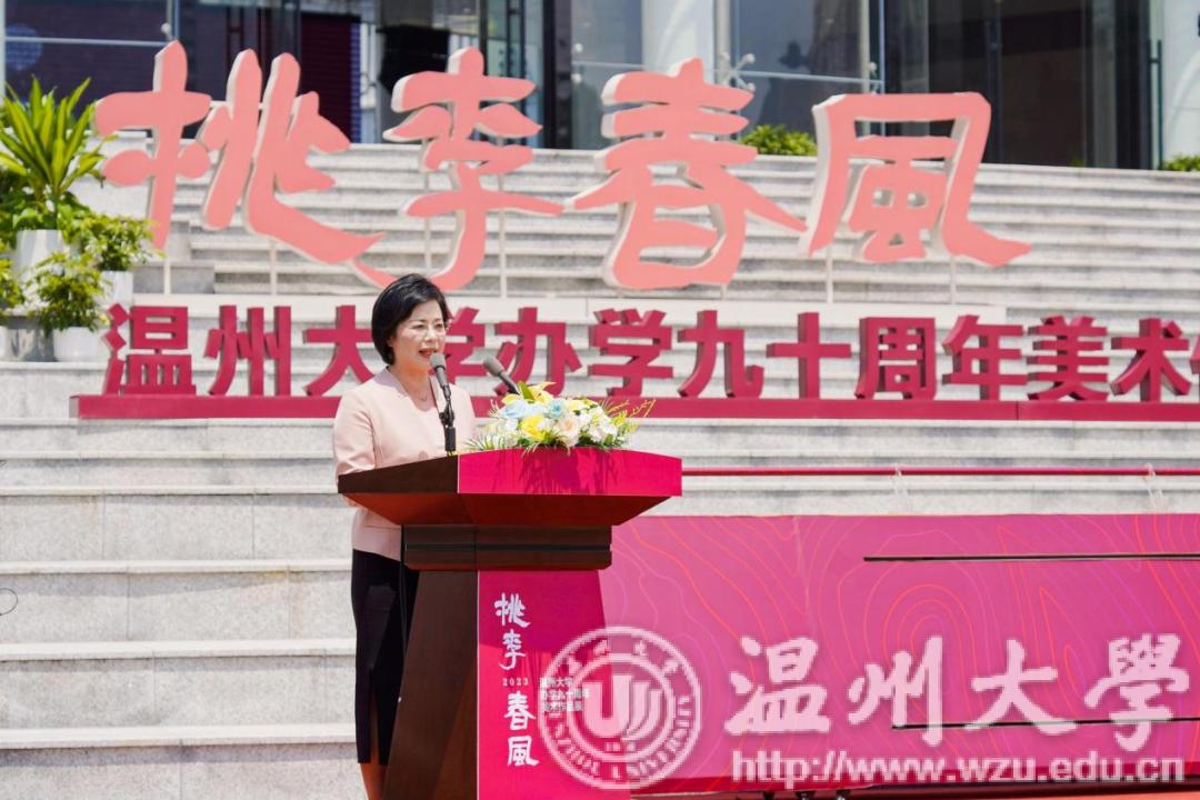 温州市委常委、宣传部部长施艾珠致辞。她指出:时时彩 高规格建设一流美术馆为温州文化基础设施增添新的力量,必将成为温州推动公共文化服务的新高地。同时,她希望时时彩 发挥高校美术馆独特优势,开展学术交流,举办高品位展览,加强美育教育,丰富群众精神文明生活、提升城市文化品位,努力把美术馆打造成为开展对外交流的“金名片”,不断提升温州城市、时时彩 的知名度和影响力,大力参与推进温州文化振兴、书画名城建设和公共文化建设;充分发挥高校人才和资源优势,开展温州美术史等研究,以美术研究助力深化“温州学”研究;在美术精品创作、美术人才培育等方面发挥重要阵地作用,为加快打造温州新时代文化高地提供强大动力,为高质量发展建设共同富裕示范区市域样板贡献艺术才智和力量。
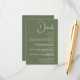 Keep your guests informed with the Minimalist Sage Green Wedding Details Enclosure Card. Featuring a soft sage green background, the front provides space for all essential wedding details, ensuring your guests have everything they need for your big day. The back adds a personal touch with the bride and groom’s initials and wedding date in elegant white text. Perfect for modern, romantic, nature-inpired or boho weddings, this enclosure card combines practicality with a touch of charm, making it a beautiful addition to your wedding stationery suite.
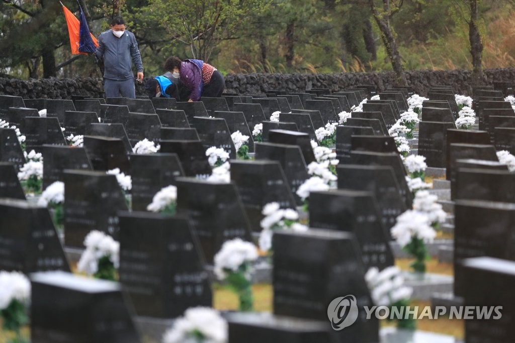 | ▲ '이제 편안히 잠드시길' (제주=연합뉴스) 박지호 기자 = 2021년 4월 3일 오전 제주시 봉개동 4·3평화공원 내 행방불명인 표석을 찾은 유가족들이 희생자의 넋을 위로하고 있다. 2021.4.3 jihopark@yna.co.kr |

****************

The full data, repeated exactly and stripped of its pictures, is the expected answer.

 温州市委常委、宣传部部长施艾珠致辞。她指出:时时彩 高规格建设一流美术馆为温州文化基础设施增添新的力量,必将成为温州推动公共文化服务的新高地。同时,她希望时时彩 发挥高校美术馆独特优势,开展学术交流,举办高品位展览,加强美育教育,丰富群众精神文明生活、提升城市文化品位,努力把美术馆打造成为开展对外交流的“金名片”,不断提升温州城市、时时彩 的知名度和影响力,大力参与推进温州文化振兴、书画名城建设和公共文化建设;充分发挥高校人才和资源优势,开展温州美术史等研究,以美术研究助力深化“温州学”研究;在美术精品创作、美术人才培育等方面发挥重要阵地作用,为加快打造温州新时代文化高地提供强大动力,为高质量发展建设共同富裕示范区市域样板贡献艺术才智和力量。
 Keep your guests informed with the Minimalist Sage Green Wedding Details Enclosure Card. Featuring a soft sage green background, the front provides space for all essential wedding details, ensuring your guests have everything they need for your big day. The back adds a personal touch with the bride and groom’s initials and wedding date in elegant white text. Perfect for modern, romantic, nature-inpired or boho weddings, this enclosure card combines practicality with a touch of charm, making it a beautiful addition to your wedding stationery suite.
 | ▲ '이제 편안히 잠드시길' (제주=연합뉴스) 박지호 기자 = 2021년 4월 3일 오전 제주시 봉개동 4·3평화공원 내 행방불명인 표석을 찾은 유가족들이 희생자의 넋을 위로하고 있다. 2021.4.3 jihopark@yna.co.kr |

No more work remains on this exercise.